For Immediate Release: Jul 12, 2019
Contact: Kirsten Stade (202) 265-7337
Ability of Affected Communities to Appeal Permits on Chopping Block
Washington, DC — An obscure but important arm of the U.S. Environmental Protection Agency is slated for withering revisions, according to Public Employees for Environmental Responsibility (PEER). Under proposed regulations being considered by EPA, only industry and other permit holders would be able to file administrative appeals on new permits, shutting the door to states, aggrieved neighbors and communities, as well as conservation groups.

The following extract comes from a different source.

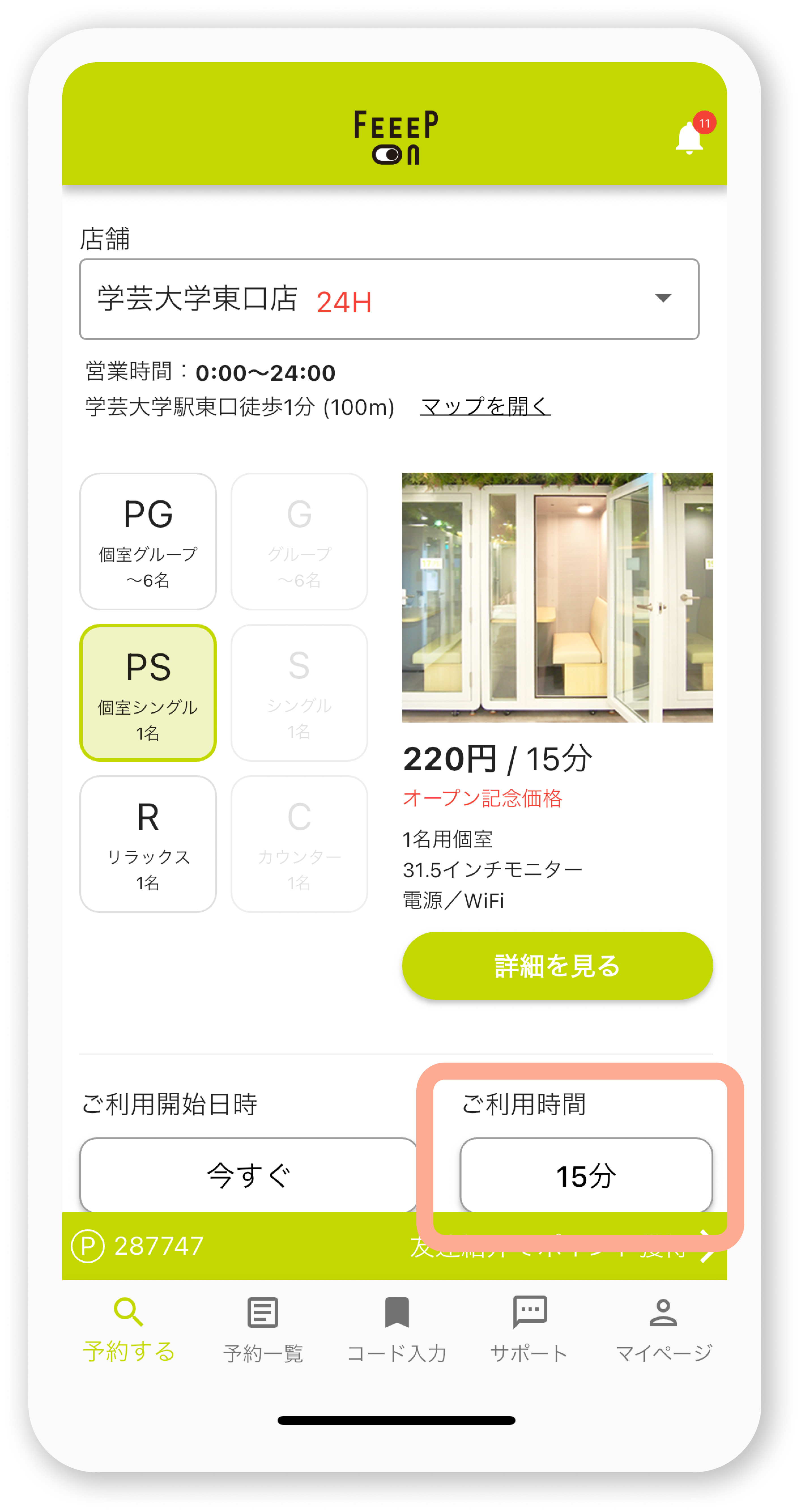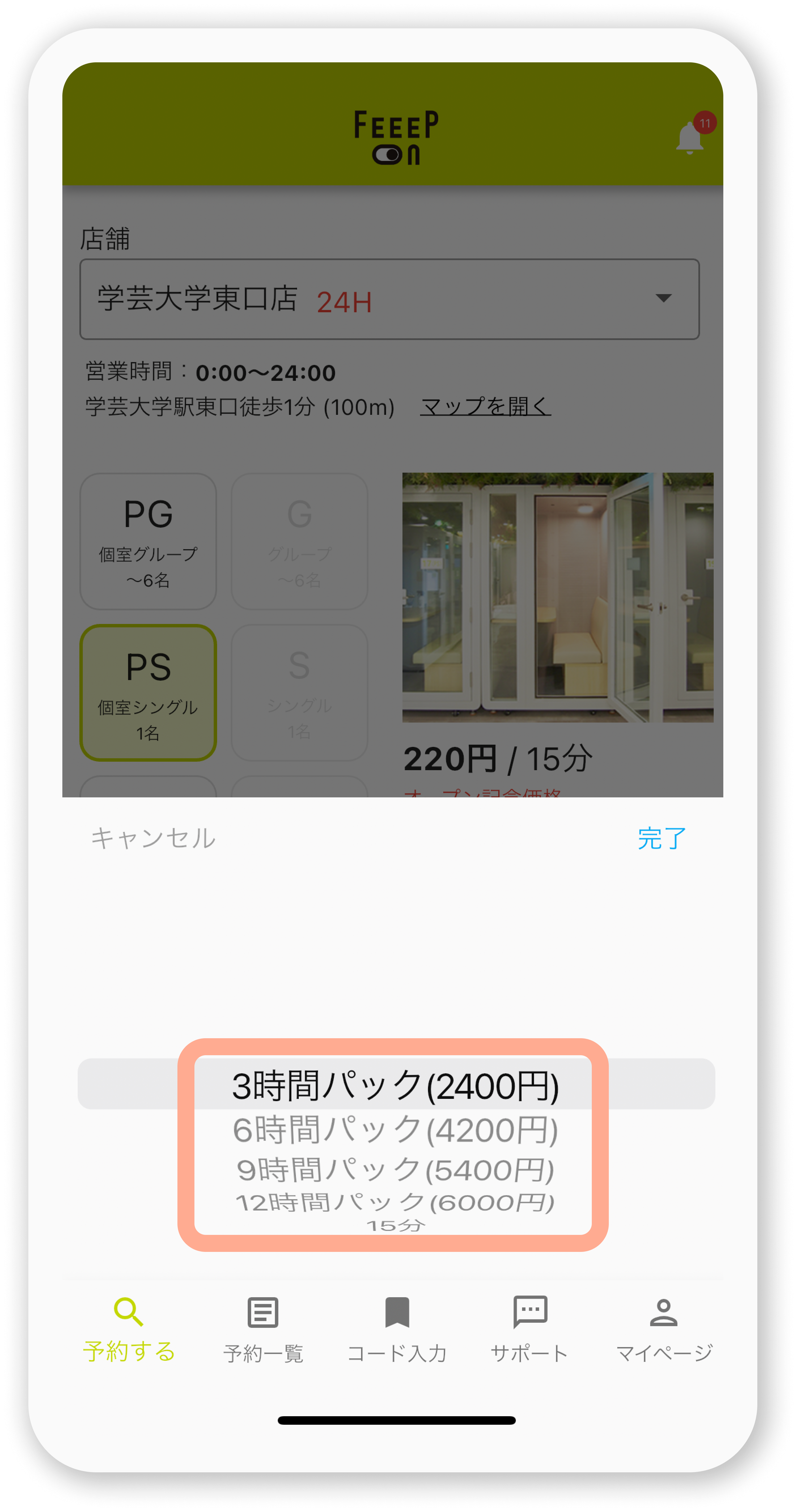 ①店舗・座席・利用開始日時を設定後、ご利用時間の箇所をタップ

The proposed changes would significantly limit the functioning of EPA’s 25-year old Environmental Appeals Board. In a move dictated by EPA political appointees in its Headquarters, the EAB would be stripped of its ability to hear appeals of permits, except as lodged by the industrial operator. This would give industry the ability to freeze attempts to tighten permit requirements since no new permit would go into effect while an appeal was pending. The changes if implemented would also –
- Weaken clean air protections for parks, wilderness, and other natural areas from degradation by nearby powerplants or other pollution sources;
- Undercut environmental justice safeguards for poor or minority areas suffering from disproportionate pollution impacts. Under the plan, these low-income communities would be forced to file a federal lawsuit to protect themselves; and
- Remove the ability of the EAB to overrule EPA legal positions, nor could the EAB review permits on its own motion, except as requested by industry.
“These changes would allow polluters to better game the system to the detriment of public health and the environment,” stated PEER Executive Director Tim Whitehouse, a former EPA enforcement attorney, noting that the EAB members and staff are civil servants, not political appointees. “This would remove another layer of professionalism countering nakedly political manipulation of the administration of core environmental statutes aimed at ensuring clean air and water.”

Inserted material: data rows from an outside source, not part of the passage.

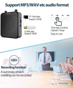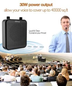 1. Amplificador de voz – La solución perfecta para cuando tienes dificultades para hablar lo suficientemente fuerte, el amplificador de voz personal está aquí para salvar tu garganta. Con una potencia de salida de 30W, ofrece un sonido claro y suave que puede cubrir un área impresionante de aproximadamente 20,000 pies cuadrados (1000 pies), lo que lo hace ideal para habitaciones grandes o entornos exteriores.
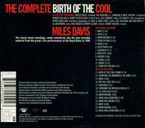 Details: Amazon.ca Birth of the Cool is the first important leader date from Miles Davis, one of jazz's most seminal figures and farsighted practitioners. Having made his reputation in large measure from playing with bop giant Charlie Parker, Davis confounded expectations when he embraced the "cool" arranging style of Gil Evans, an arranger for Claude Thornhill's band. Evans, who was employing unique voicings by adding French horns and tuba to Thornhill's instrumentations, also emphasized a diminished use of vibrato in both reeds and brass, producing a drier, "cool" sound. Two of Evans's arrangements, "Boplicity" and "Moon Dreams," appear on the album. Also involved are baritone saxophonist Gerry Mulligan, who contributed such outstanding tunes as "Jeru" and "Venus de Milo," and Modern Jazz Quartet pianist John Lewis. The result is a date that has withstood the tests of time, fashion, and Davis's own extraordinary growth as a performer. An enhanced set, The Complete Birth of the Cool expands the original issue with previously bootlegged live recordings of Davis's nonet at the Royal Roost in New York in 1948. Although the sound quality is far from perfect, the performances are remarkable, and worth the additional expense for the serious fan. --Fred Goodman Product Description Miles Davis "The Complete Birth of the Cool". Is the classic nonet recordings, newly remastered, plus the only recorded material from the groups live performances at the Royal Roost in 1948. This CD is Divied into two groups the Studio Sessions and the Live Sessions a total of 25 tracks this CD is a must have for any Miles fan.
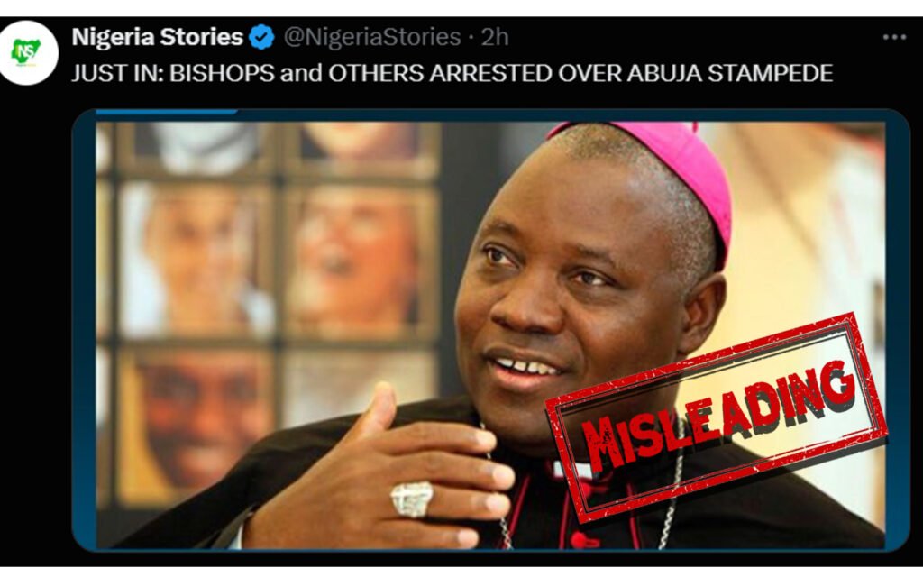 The post had the image of a bishop with the caption, ‘JUST IN: BISHOPS and OTHERS ARRESTED OVER ABUJA STAMPEDE.’

One big winner of this proposal would be the oil and gas industry. The EAB has ruled in favor of petitioners in full or in part in two recent cases: Muskegon Development Company, an environmental justice challenge to a permit allowing underground well injections for enhanced oil and gas extraction; and in 2016, where PEER won new restrictions on surface discharge of fracking fluids from drilling operations on a Wyoming Indian reservation. In addition, the proposed rule would affect appeals like the pending case Jordon Development Company, in which petitioners are challenging an EPA permit authorizing the injection of brine from oil and gas drilling into a well in Gladwin County, Michigan.

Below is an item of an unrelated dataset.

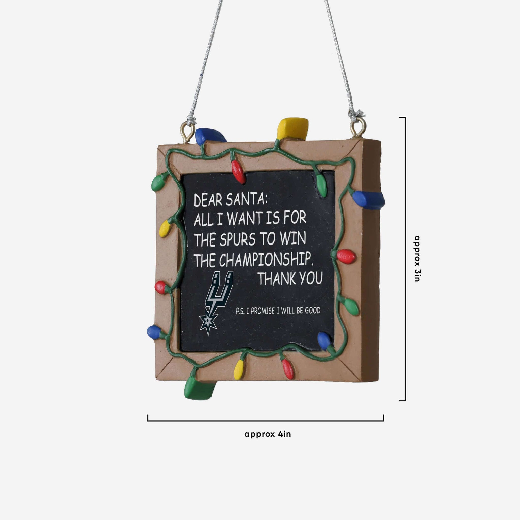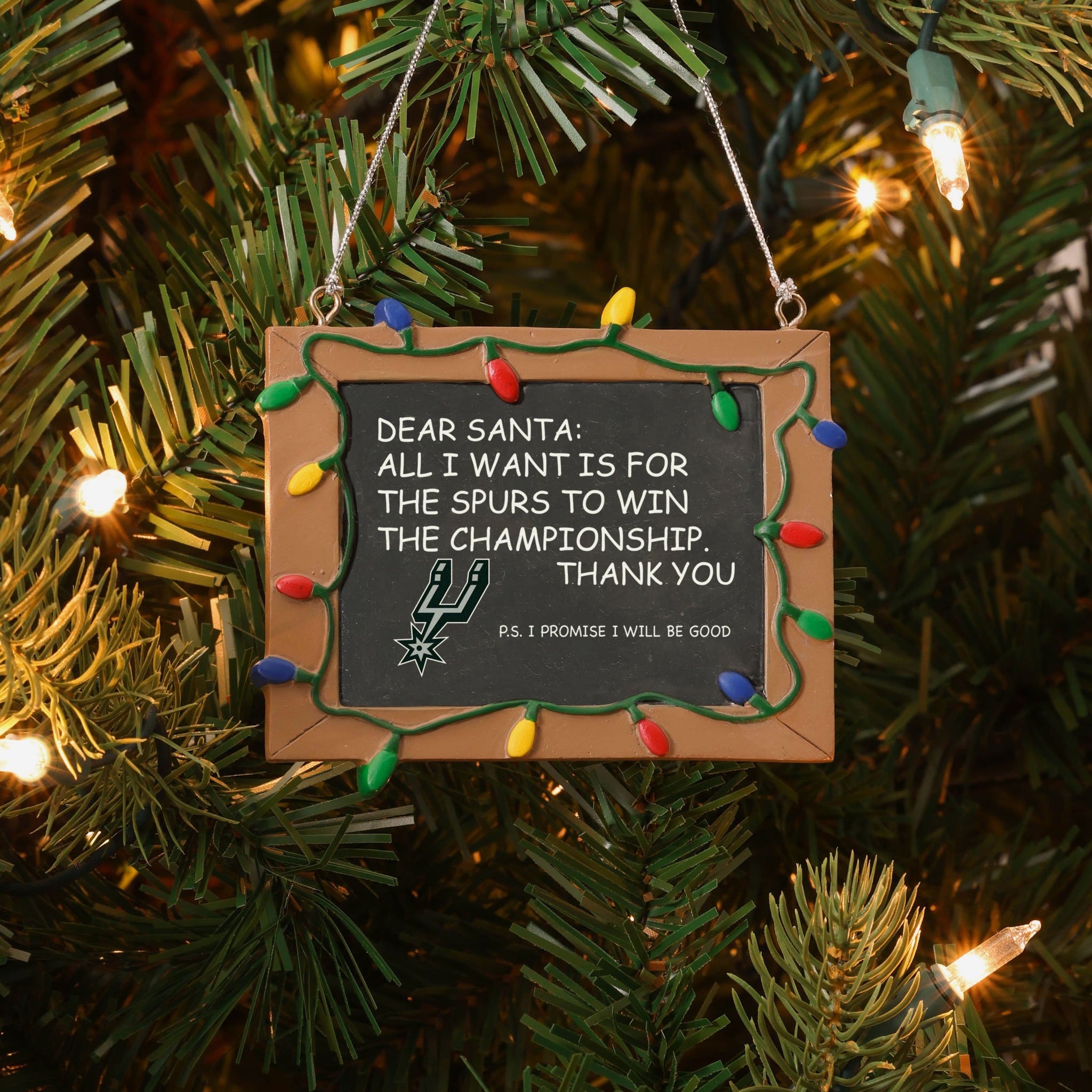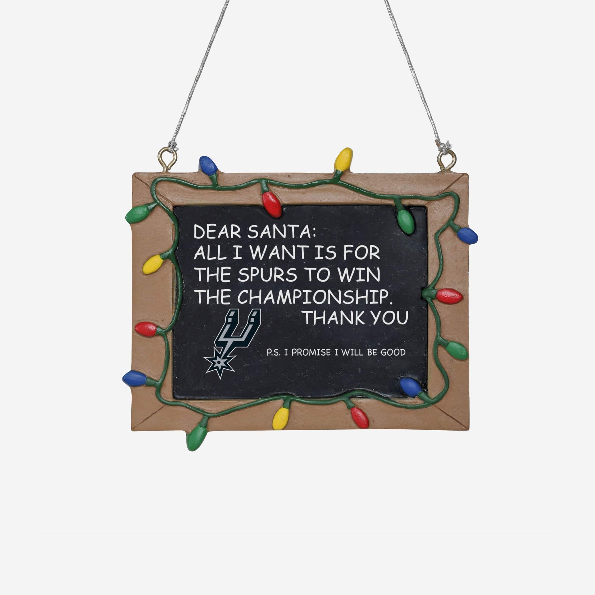 So, you made your list and sent it to jolly ol' Fanta Claus, asking him for a championship. But sometimes letters can get lost in the mail. Just in case, put this San Antonio Spurs Resin Chalkboard Sign Ornament on your tree to let him know how good you've been this year, and that all you want for the holidays is a trophy.

“EPA is considering closing a critical avenue of communication with communities,” added Whitehouse, noting that the EAB decided 578 permit appeals, principally involving permits issued under the Clean Water and Clean Air Act, in the past 26 years, with less than 1% of final EAB decisions reversed by court review. “Gutting the Environmental Appeals Board is a classic example of foisting a fix on an institution that is not broken.”